- The Monetary Policy Committee of the Bank of England decided to keep the Bank rate unchanged at 0.75% in line with the market expectations.
- The decision to keep the Bank rate and the asset purchasing unchanged was unanimous with a 9-0 voting pattern, including new MPC member Jonathan Haskel.
- The Bank of England acknowledged that the UK labor market conditions continue to tighten pressing inflation reach targeted 2% in the third year of current projections.
- The Brexit risk remains the main condition of future economic development.
While the decision of the Bank of England Monetary Policy Committee (MPC) to keep the Bank rate unchanged at 0.75% after August rate hike is fully in line with the market forecast, judging that the Brexit risks increased makes the Bank conservative in line with the market expectations as well as the English tradition.
Given the previous statements from the Bank of England officials on Sterling’s relative underperformance from the parliamentary hearing on August Inflation Report, there is no explicit mention of Sterling in September MPC policy statement.
That is particularly true given the recent wave of optimism over the Brexit deal voiced by the European Union (EU) official including the EU chief Brexit negotiator Michel Barnier seeing the deal achievable in 6-8 weeks horizon and the EU’s pullback on hardship stance on the issue of the Irish border.

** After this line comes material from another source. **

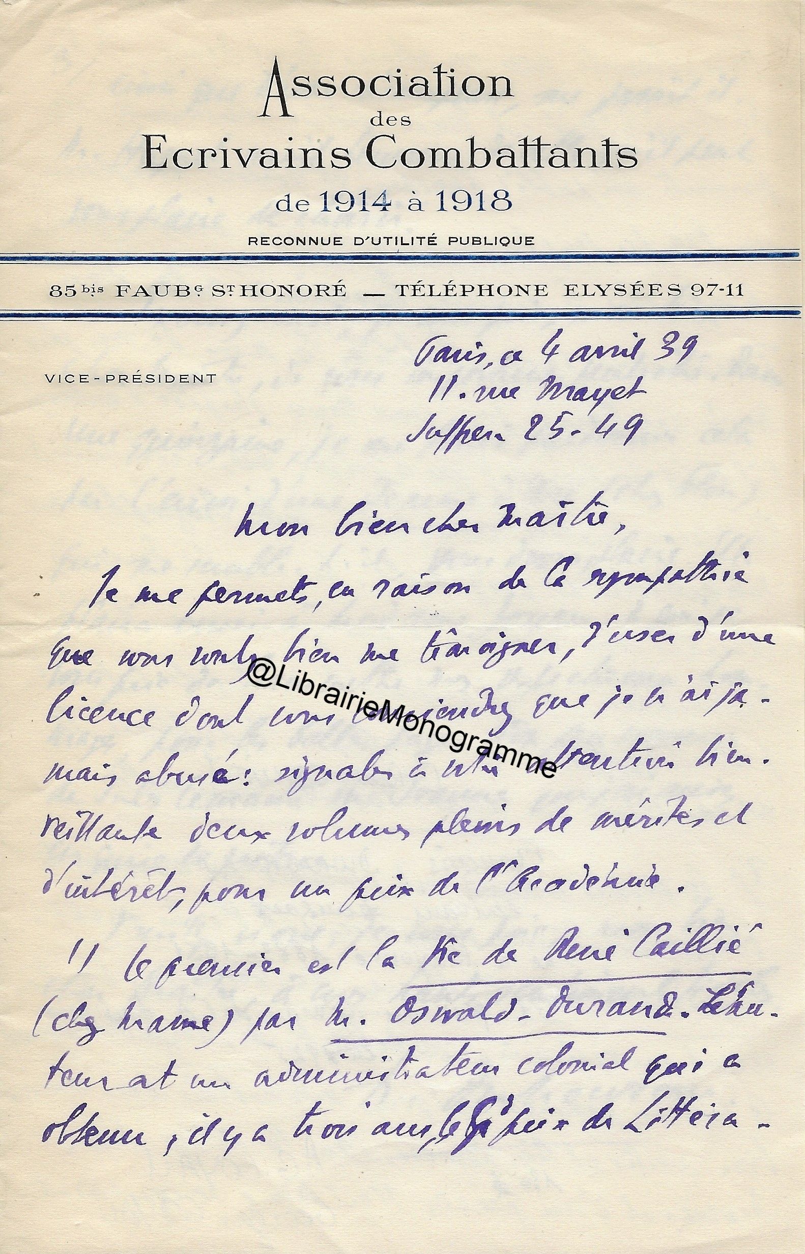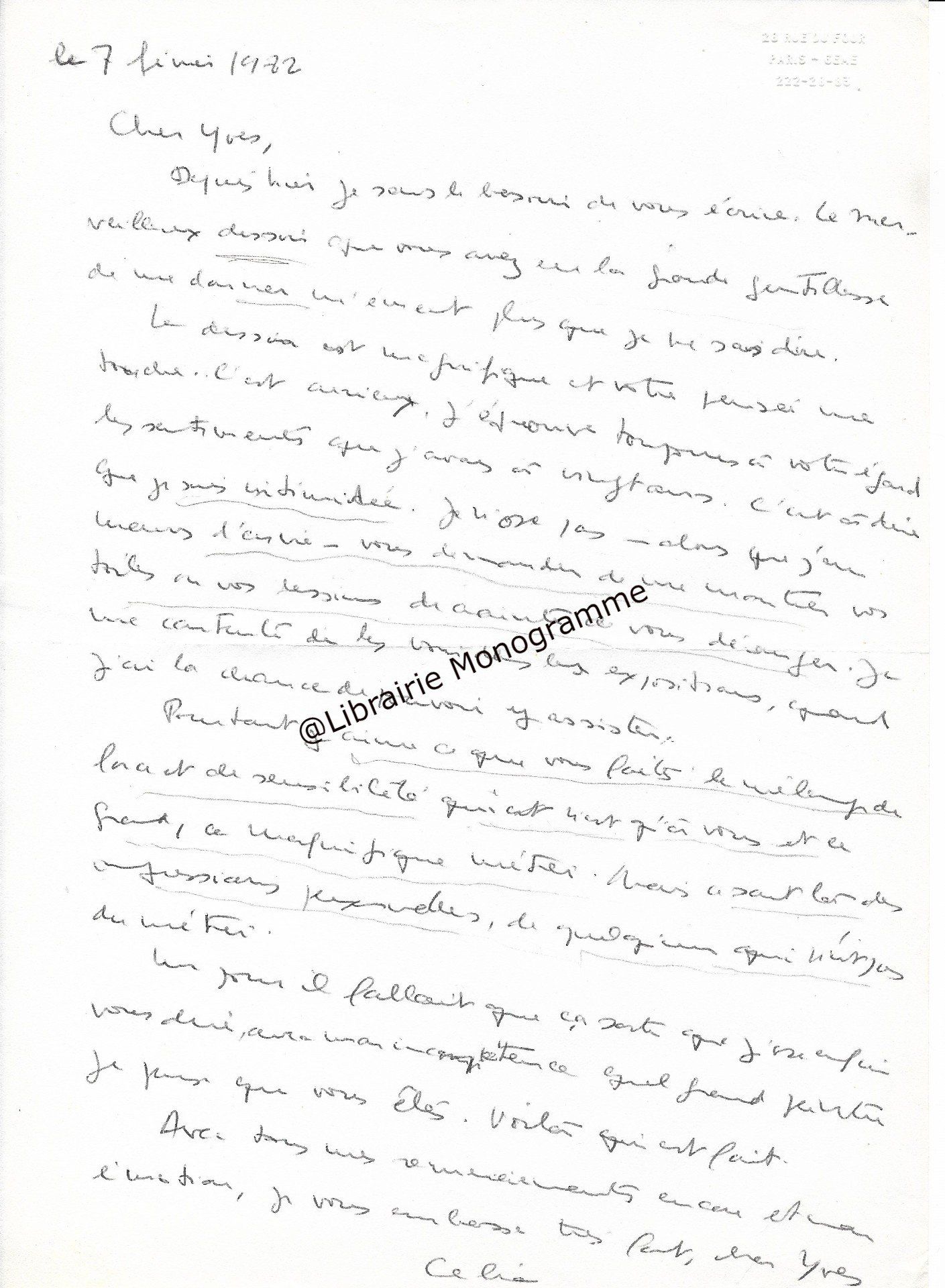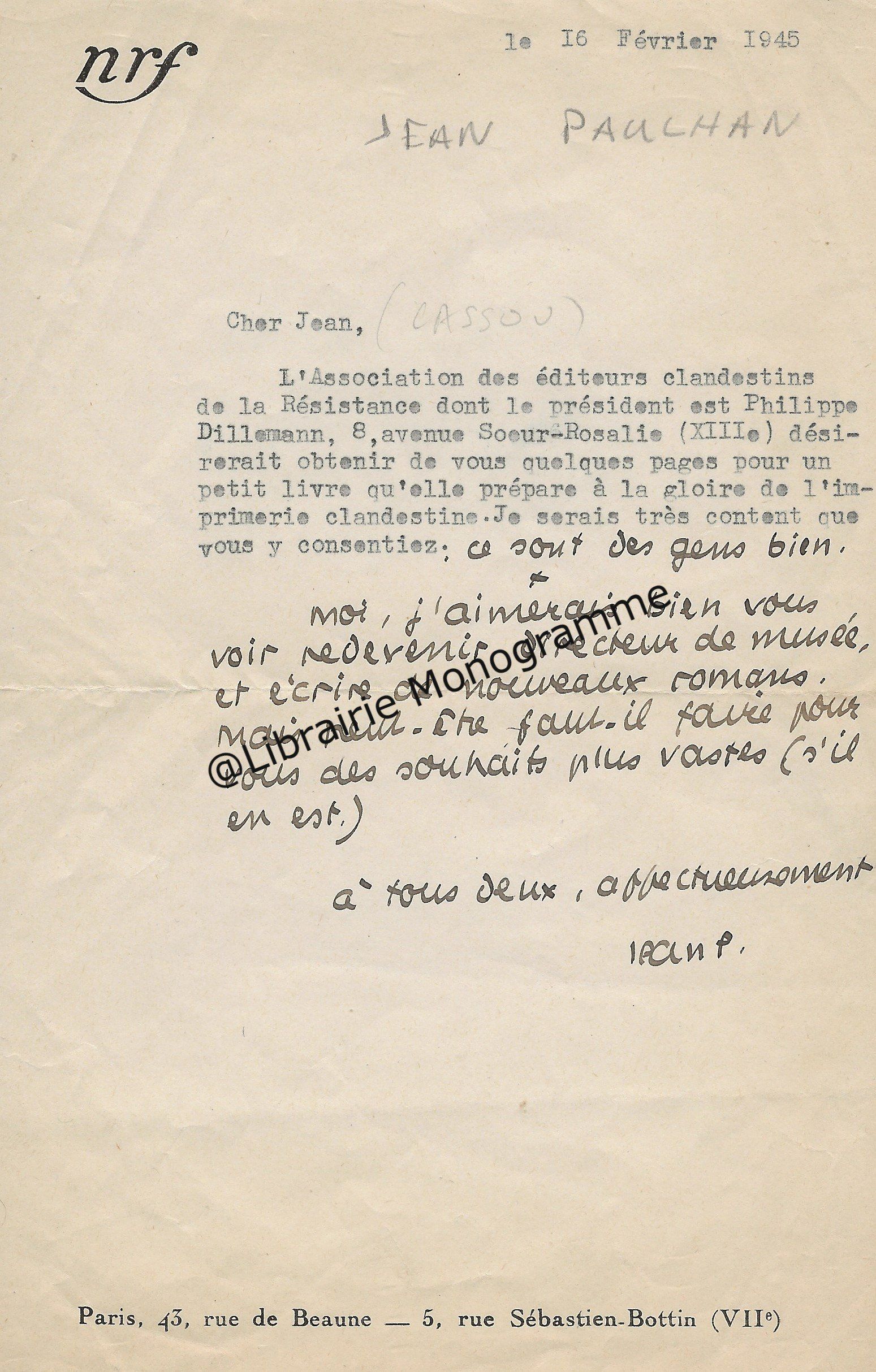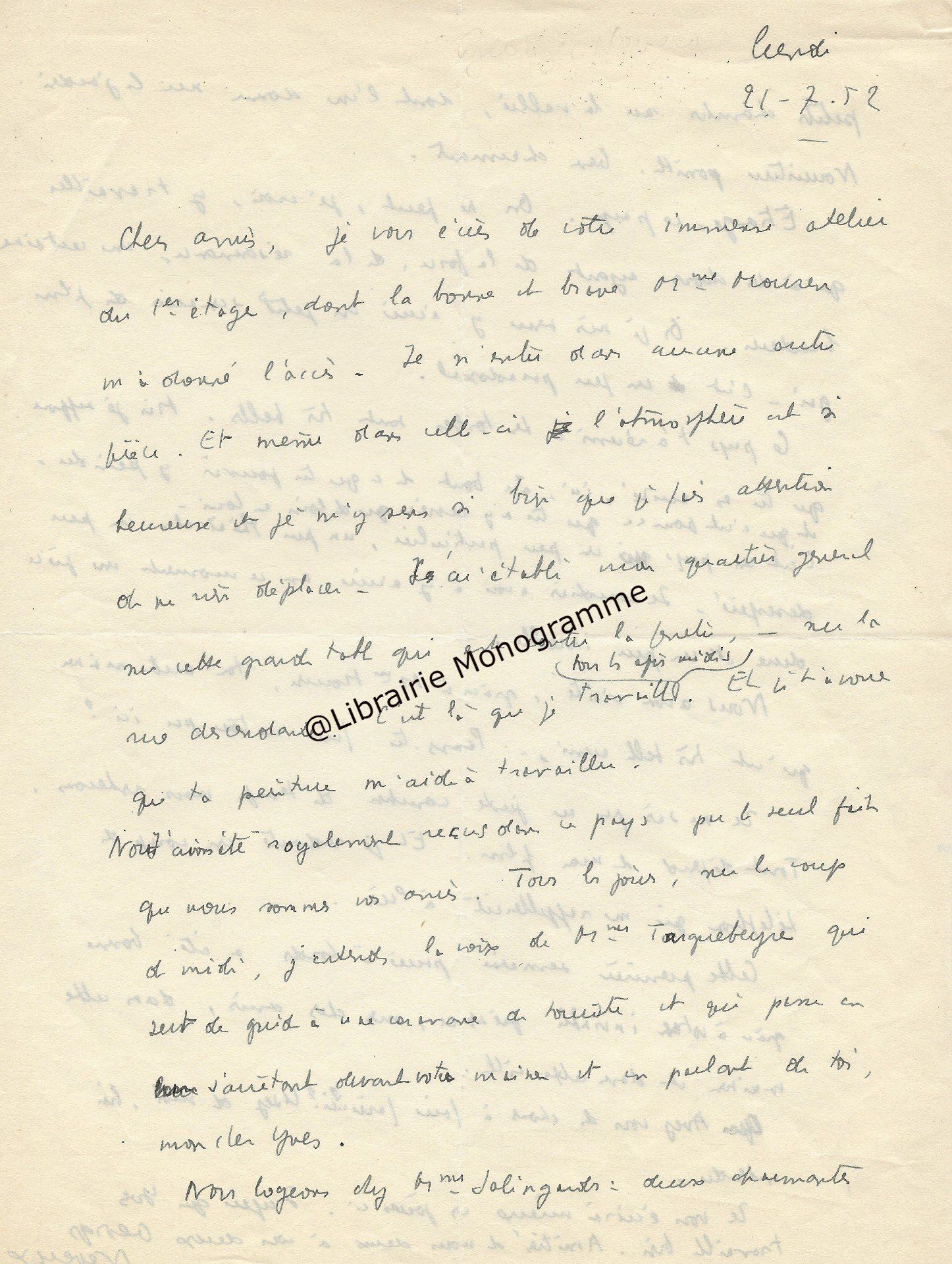 Intéressante lettre à propos de la « Suite et fin du texte d’ARBRES » (le titre original de l’œuvre deviendra « Dialogue de l’arbre », paru en 1943. Poème écrit sous l’occupation, à la gloire de l’Arbre). Il demande à son destinataire de lui « adresser deux jeux d’épreuves en placards à grandes marges, en prévision de corrections ou additions assez importantes ».

“The MPC continues to recognise that the economic outlook could be influenced significantly by the response of households, businesses and financial markets to developments related to the process of EU withdrawal. Since the Committee’s previous meeting, there have been indications, most prominently in financial markets, of greater uncertainty about future developments in the withdrawal process,” the Bank of England wrote in the policy statement on Thursday.
Domestically, the Bank of England sees the GDP growth rate slightly better than forecast with a 0.6% quarterly growth rate in the last three months to July. With the labor market slack being almost absorbed, the Bank of England expects slight re-emergence of excess demand in late 2019 and thereafter.
In terms of the international economic conditions, the MPC sees the global economy still growing at above-trend rates, although recent developments are likely to have increased downside risks to global growth, especially in the emerging markets.
Finally, the Bank of England made no changes to the policy meaning the official stance of “limited and gradual” policy rate normalization is still in place with currency dovish implications.